HOW TO COMPLETE THIS TASK - Transcribe the entries below exactly, starting with the line that has "The armrests are" and stopping after the line that has "公園のすぐ横をJR貨物の電気"; no pictures belong in the copy.

DATASET -

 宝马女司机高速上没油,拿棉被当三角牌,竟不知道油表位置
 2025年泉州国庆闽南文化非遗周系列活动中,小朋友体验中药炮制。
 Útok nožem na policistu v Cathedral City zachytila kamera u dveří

* * *

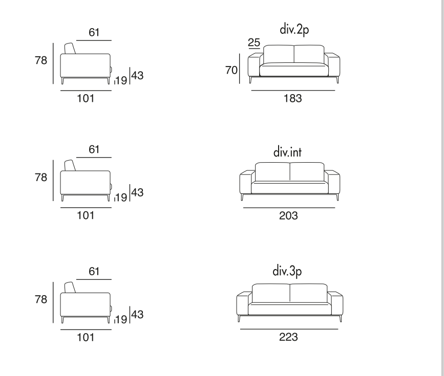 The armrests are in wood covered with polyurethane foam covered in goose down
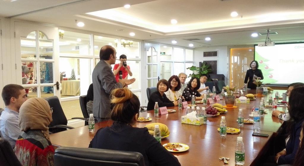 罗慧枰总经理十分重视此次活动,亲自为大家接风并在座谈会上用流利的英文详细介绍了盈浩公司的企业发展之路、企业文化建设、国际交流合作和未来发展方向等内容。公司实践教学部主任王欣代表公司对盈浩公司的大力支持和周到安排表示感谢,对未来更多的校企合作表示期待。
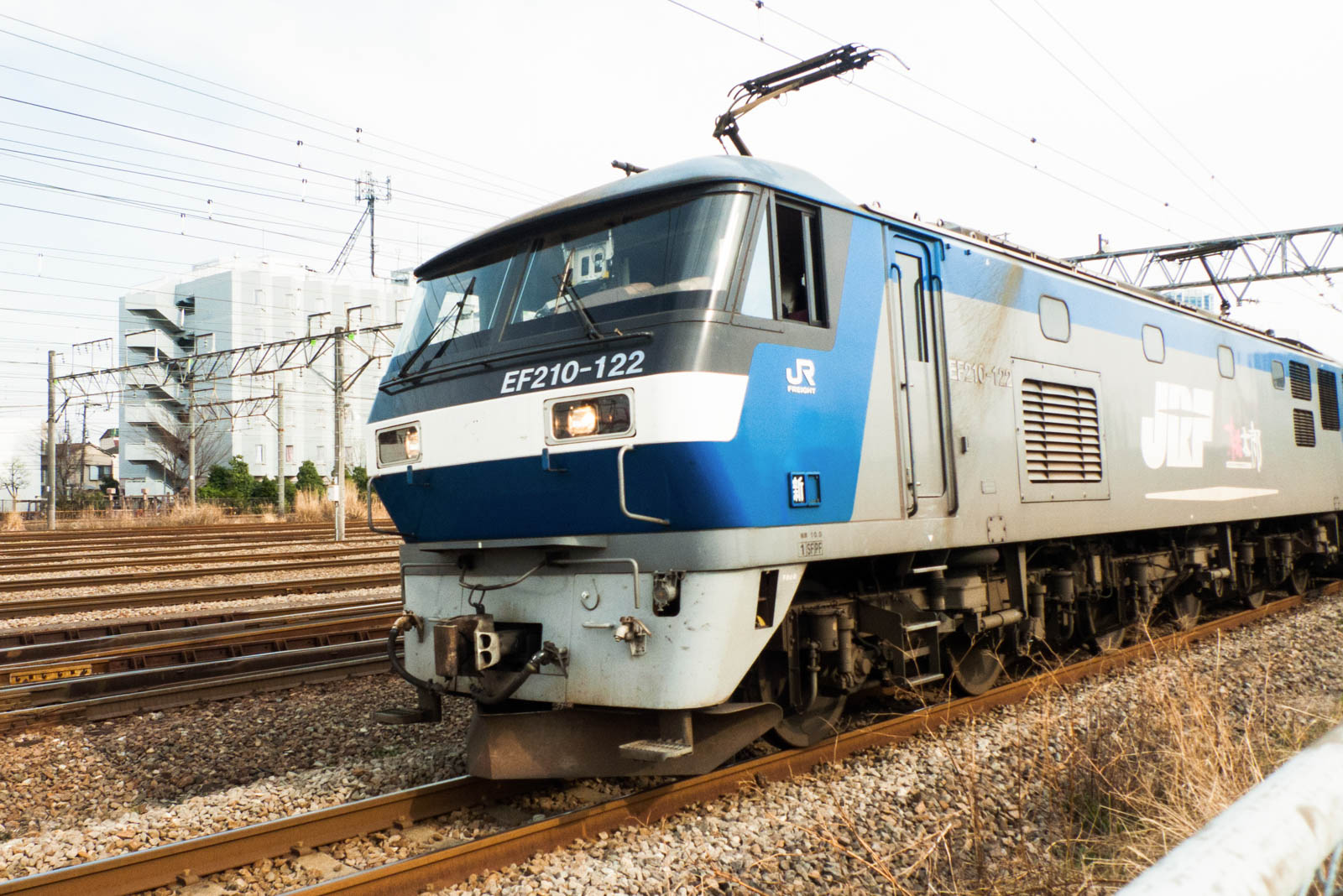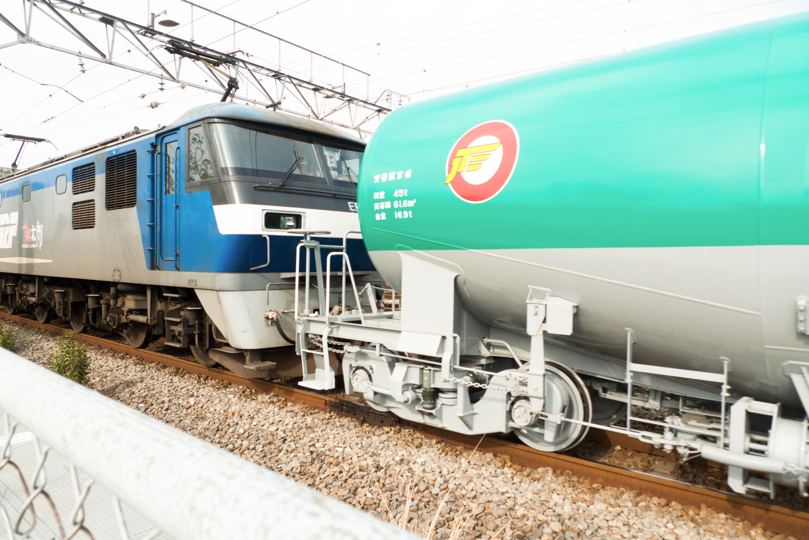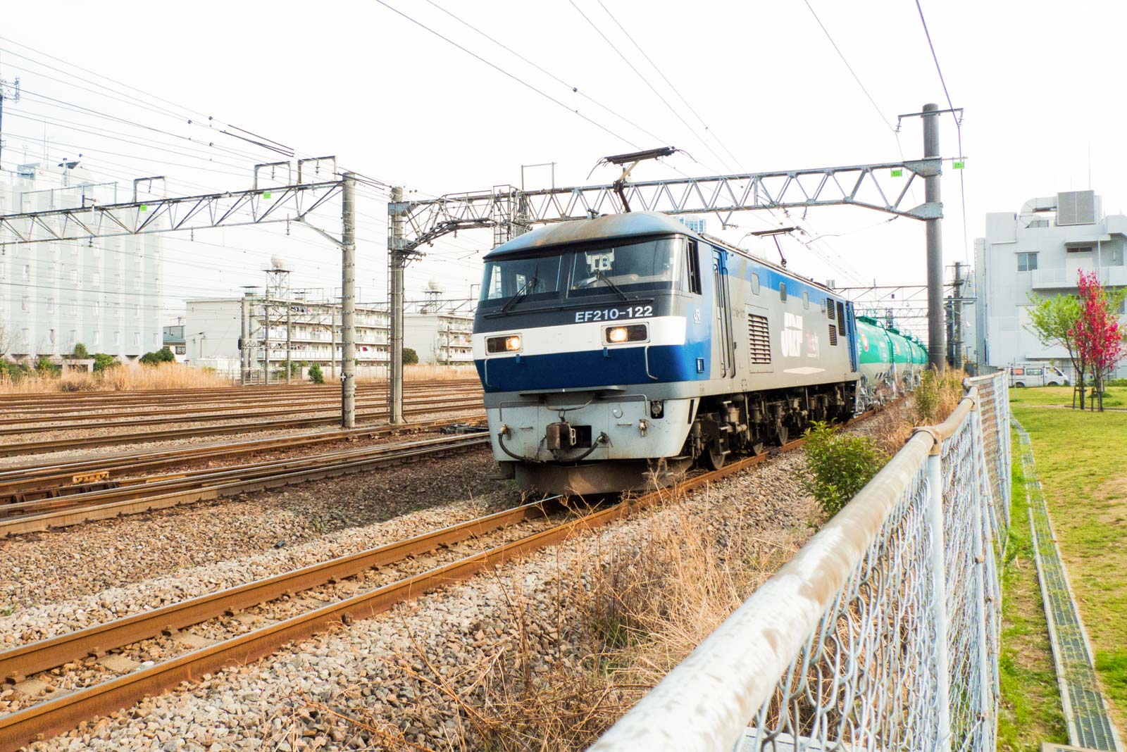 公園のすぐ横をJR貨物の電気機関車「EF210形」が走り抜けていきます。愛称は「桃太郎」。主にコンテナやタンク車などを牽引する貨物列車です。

...

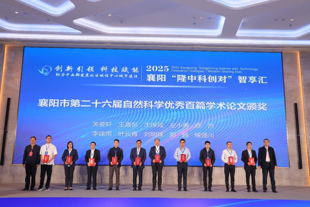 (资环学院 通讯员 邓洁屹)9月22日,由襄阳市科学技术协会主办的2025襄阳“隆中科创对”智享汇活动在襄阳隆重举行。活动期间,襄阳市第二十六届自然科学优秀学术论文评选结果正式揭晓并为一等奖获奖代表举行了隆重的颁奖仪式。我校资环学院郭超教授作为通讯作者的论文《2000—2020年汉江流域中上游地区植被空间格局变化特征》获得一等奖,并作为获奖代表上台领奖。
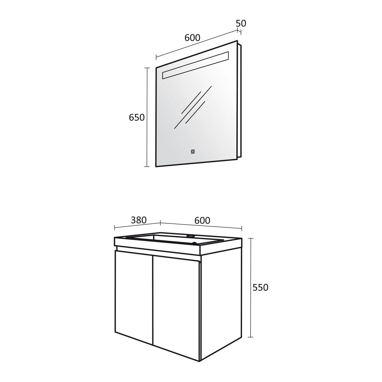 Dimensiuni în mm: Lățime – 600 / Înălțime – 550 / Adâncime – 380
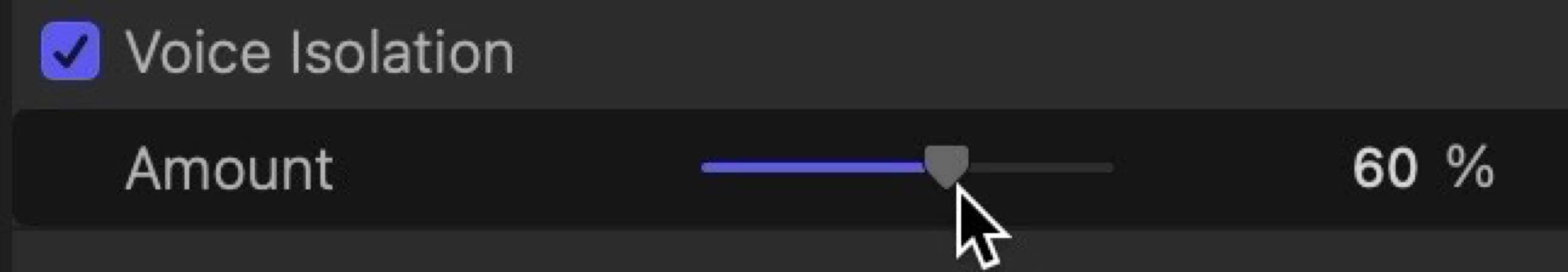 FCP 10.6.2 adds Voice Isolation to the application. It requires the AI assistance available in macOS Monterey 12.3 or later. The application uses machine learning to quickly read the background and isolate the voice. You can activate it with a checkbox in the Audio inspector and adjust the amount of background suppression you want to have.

PROBLEM SOLUTION -
 The armrests are in wood covered with polyurethane foam covered in goose down
 罗慧枰总经理十分重视此次活动,亲自为大家接风并在座谈会上用流利的英文详细介绍了盈浩公司的企业发展之路、企业文化建设、国际交流合作和未来发展方向等内容。公司实践教学部主任王欣代表公司对盈浩公司的大力支持和周到安排表示感谢,对未来更多的校企合作表示期待。
 公園のすぐ横をJR貨物の電気機関車「EF210形」が走り抜けていきます。愛称は「桃太郎」。主にコンテナやタンク車などを牽引する貨物列車です。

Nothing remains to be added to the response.